Saint Proculus (San Procolo) (died c. 320 AD) was a bishop of Verona who survived the persecutions of Diocletian. He died of natural causes at Verona. He is commemorated on December 9.

==Traditional narrative==
During the Diocleian persecution, Proculus, bishop of Verona went to the prison to encourage Firmus and Rusticus. He was bound and brought with them before Anulinus, the consul. However, as Proculus was elderly, Anulinus did not consider him worth his interest, and had him released, beaten, and banished from the city. He lived to survive the persecutions.
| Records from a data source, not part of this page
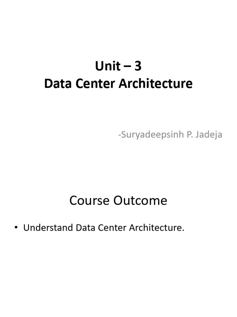 • Data Center Architecture : Data center architecture in the cloud refers to
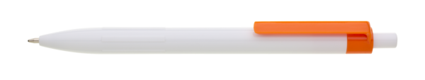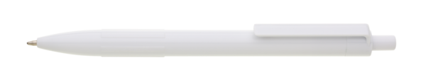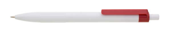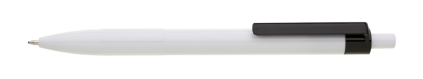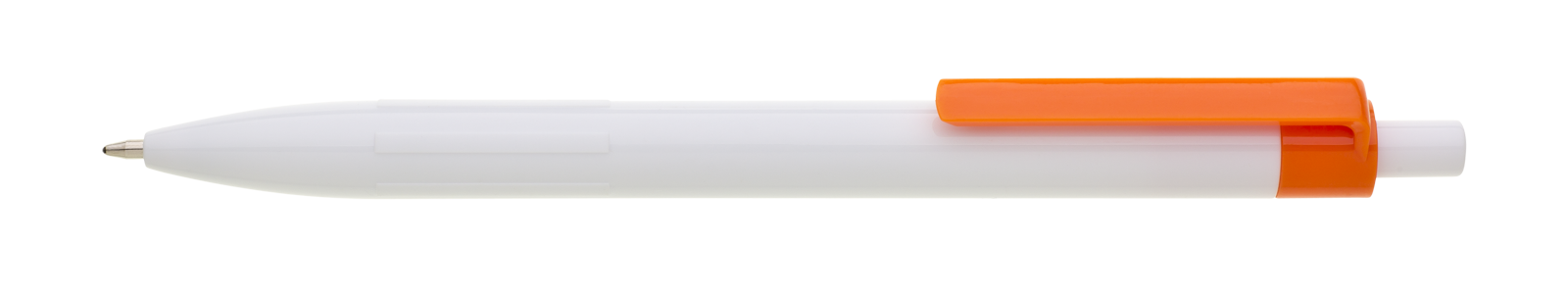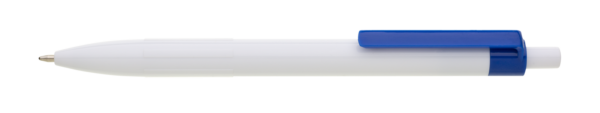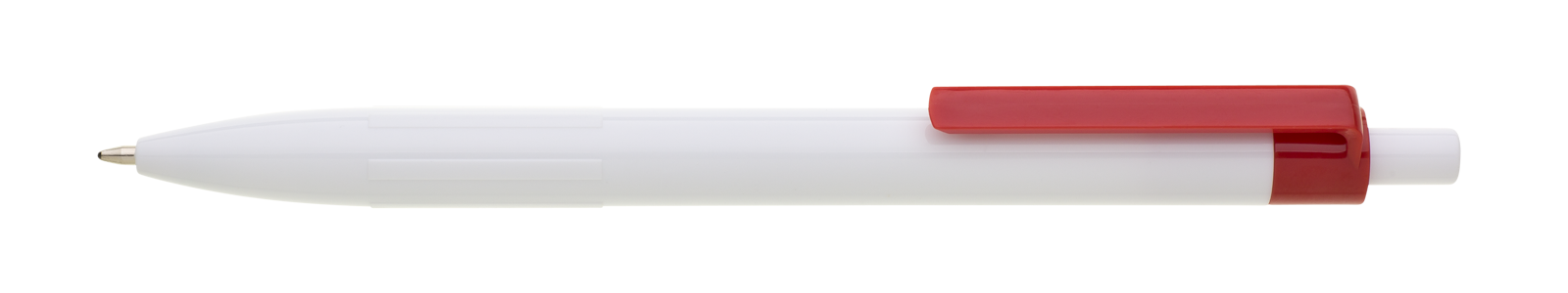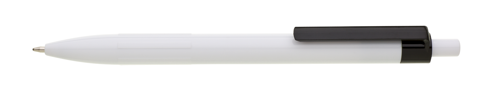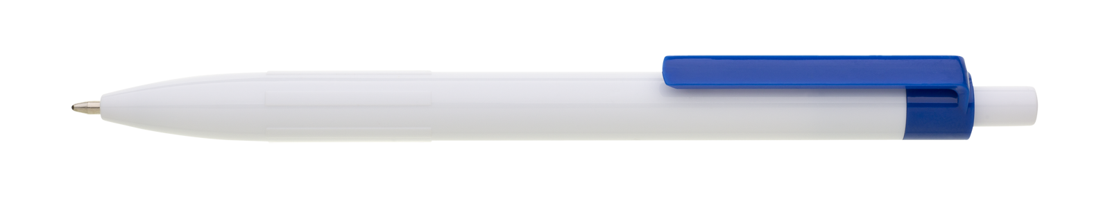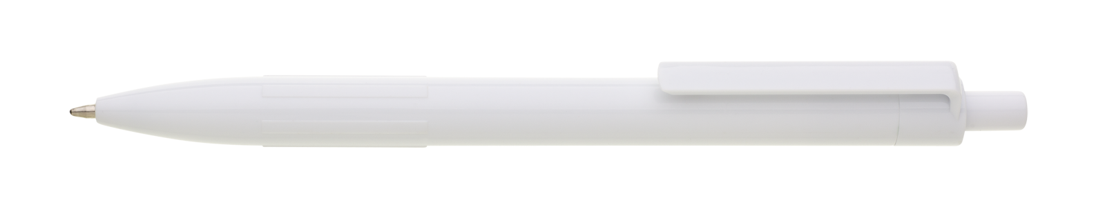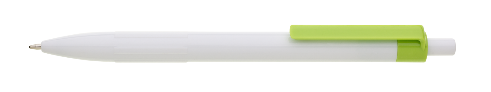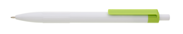 Plastové guľôčkové pero BIARE má biele telo a zelený klip. Náplň X-20 (120 mm), modro píšúca.
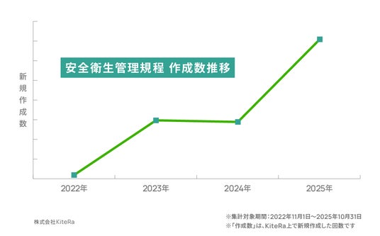 「安心して働ける世界をつくる」をミッションに掲げ、社内規程DXサービス「KiteRa Biz(キテラビズ)」と社労士向けサービス「KiteRa Pro(キテラプロ)」を提供する株式会社KiteRa(代表取締役 執行役員 CEO:植松隆史、本社:東京都港区、読み:キテラ、以下「当社」)は、「KiteRa」に蓄積された規程雛形から作成されたデータ(集計対象:2022年11月1日~2025年10月31日)を独自に分析し、「【社内ルール(規程)トレンド予測2026】来年普及が見込まれる10の規程」を公開します。

He is said to have afterwards visited Jerusalem; to have been taken prisoner and sold as a slave on his return; but to have regained his liberty and returned to Verona.

==Veneration==

Attached to the Basilica di San Zeno in Verona is the Church of San Procolo housing the relics of Saint Proculus. It dates from the 6th or 7th century, being erected in the Christian necropolis across the Via Gallica. It is first mentioned, however, only in 845. His relics were discovered in 1492 during renovations of the church.

In San Zaccaria in Venice is a life-size wooden statue "Proculus of Verona" (1451).
His head is venerated in Bergamo. In 1704, Sebastiano Ricci executed in Venice a canvas of "San Procolo" for Bergamo Cathedral.